- ASSIGNMENT
After locating the line that contains "4.1. Размеры уровней", transcribe exactly that line and each one after it until the data ends, skipping pictures.

- SOURCE DATA
****************************************

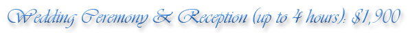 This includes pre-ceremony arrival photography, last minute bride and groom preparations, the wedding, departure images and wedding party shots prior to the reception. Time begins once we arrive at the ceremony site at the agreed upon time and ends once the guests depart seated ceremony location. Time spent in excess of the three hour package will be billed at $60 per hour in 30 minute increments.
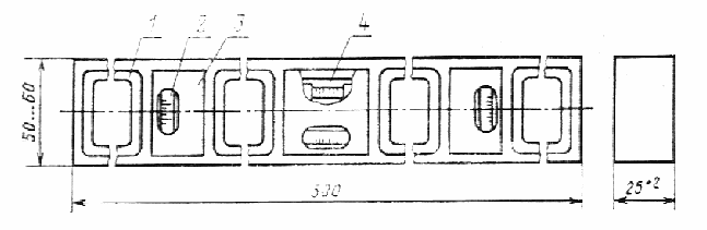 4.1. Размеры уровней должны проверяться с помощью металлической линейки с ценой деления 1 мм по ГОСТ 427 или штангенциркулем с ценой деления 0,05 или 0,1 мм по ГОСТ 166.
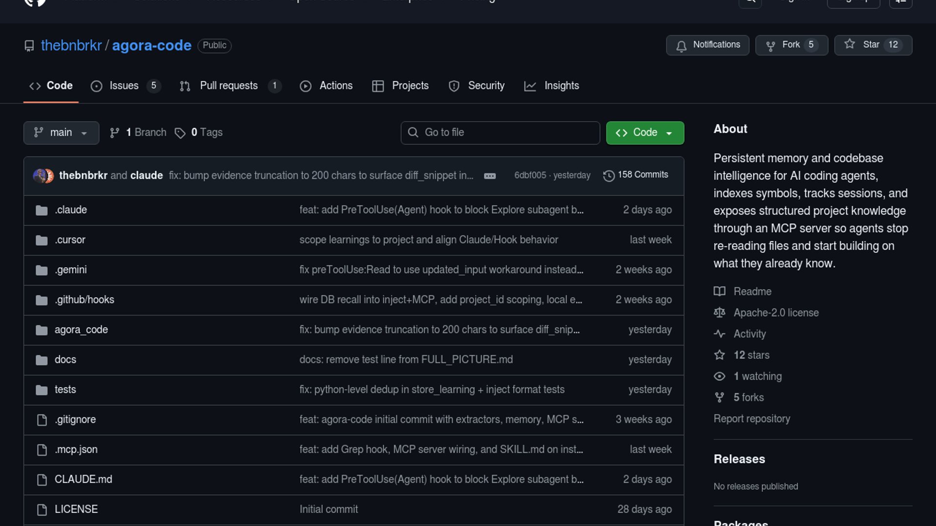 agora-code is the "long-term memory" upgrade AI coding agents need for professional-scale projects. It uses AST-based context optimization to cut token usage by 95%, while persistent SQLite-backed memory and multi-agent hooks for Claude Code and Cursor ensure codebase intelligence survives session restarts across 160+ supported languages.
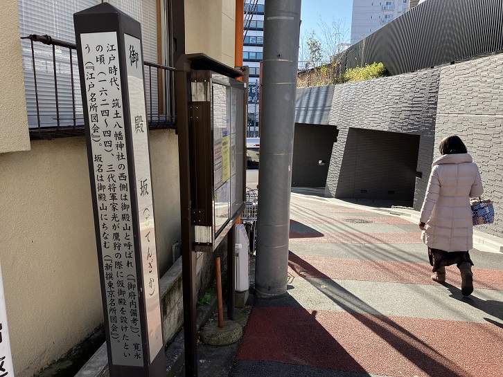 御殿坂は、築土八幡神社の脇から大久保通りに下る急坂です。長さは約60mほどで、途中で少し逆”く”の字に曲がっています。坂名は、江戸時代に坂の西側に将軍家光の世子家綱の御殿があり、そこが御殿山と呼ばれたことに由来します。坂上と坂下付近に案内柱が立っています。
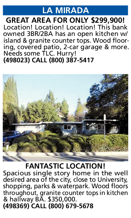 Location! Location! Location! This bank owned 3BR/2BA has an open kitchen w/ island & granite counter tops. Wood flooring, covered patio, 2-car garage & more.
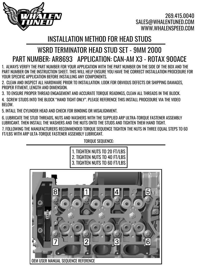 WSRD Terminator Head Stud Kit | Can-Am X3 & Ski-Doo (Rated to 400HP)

****************************************

- WRITTEN SOLUTION
 4.1. Размеры уровней должны проверяться с помощью металлической линейки с ценой деления 1 мм по ГОСТ 427 или штангенциркулем с ценой деления 0,05 или 0,1 мм по ГОСТ 166.
 agora-code is the "long-term memory" upgrade AI coding agents need for professional-scale projects. It uses AST-based context optimization to cut token usage by 95%, while persistent SQLite-backed memory and multi-agent hooks for Claude Code and Cursor ensure codebase intelligence survives session restarts across 160+ supported languages.
 御殿坂は、築土八幡神社の脇から大久保通りに下る急坂です。長さは約60mほどで、途中で少し逆”く”の字に曲がっています。坂名は、江戸時代に坂の西側に将軍家光の世子家綱の御殿があり、そこが御殿山と呼ばれたことに由来します。坂上と坂下付近に案内柱が立っています。
 Location! Location! Location! This bank owned 3BR/2BA has an open kitchen w/ island & granite counter tops. Wood flooring, covered patio, 2-car garage & more.
 WSRD Terminator Head Stud Kit | Can-Am X3 & Ski-Doo (Rated to 400HP)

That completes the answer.